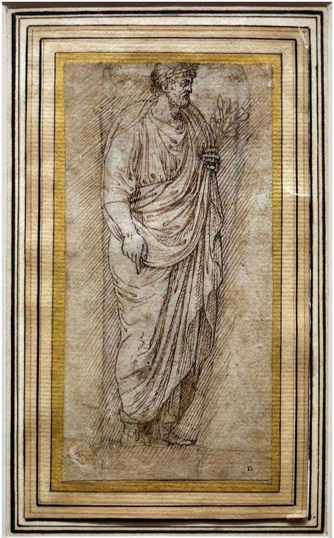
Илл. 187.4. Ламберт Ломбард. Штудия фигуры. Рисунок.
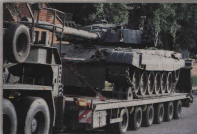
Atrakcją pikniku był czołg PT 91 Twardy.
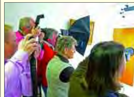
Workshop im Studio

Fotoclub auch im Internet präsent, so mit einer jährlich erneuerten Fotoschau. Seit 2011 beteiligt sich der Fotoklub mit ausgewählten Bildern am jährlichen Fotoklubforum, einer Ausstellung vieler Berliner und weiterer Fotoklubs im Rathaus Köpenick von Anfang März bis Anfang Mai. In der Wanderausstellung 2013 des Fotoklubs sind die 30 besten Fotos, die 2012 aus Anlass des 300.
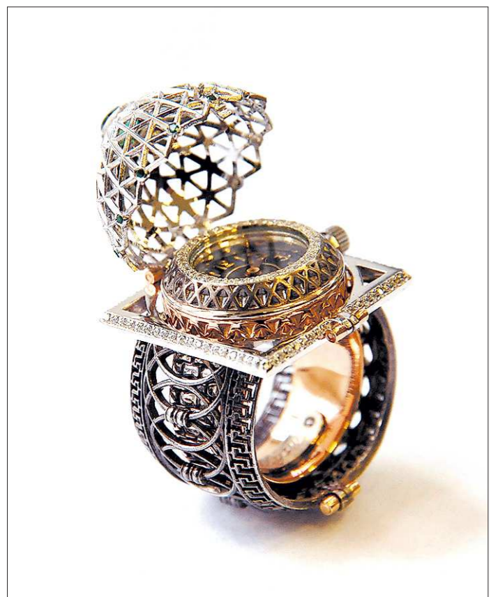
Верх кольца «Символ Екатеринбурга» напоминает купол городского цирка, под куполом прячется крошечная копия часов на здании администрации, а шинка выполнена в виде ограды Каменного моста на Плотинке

================================

→ **Your assignment**
Copy all of the listing word for word, minus the images.

→ **Output of the exercise**
Илл. 187.4. Ламберт Ломбард. Штудия фигуры. Рисунок.
Atrakcją pikniku był czołg PT 91 Twardy.
Workshop im Studio

Fotoclub auch im Internet präsent, so mit einer jährlich erneuerten Fotoschau. Seit 2011 beteiligt sich der Fotoklub mit ausgewählten Bildern am jährlichen Fotoklubforum, einer Ausstellung vieler Berliner und weiterer Fotoklubs im Rathaus Köpenick von Anfang März bis Anfang Mai. In der Wanderausstellung 2013 des Fotoklubs sind die 30 besten Fotos, die 2012 aus Anlass des 300.
Верх кольца «Символ Екатеринбурга» напоминает купол городского цирка, под куполом прячется крошечная копия часов на здании администрации, а шинка выполнена в виде ограды Каменного моста на Плотинке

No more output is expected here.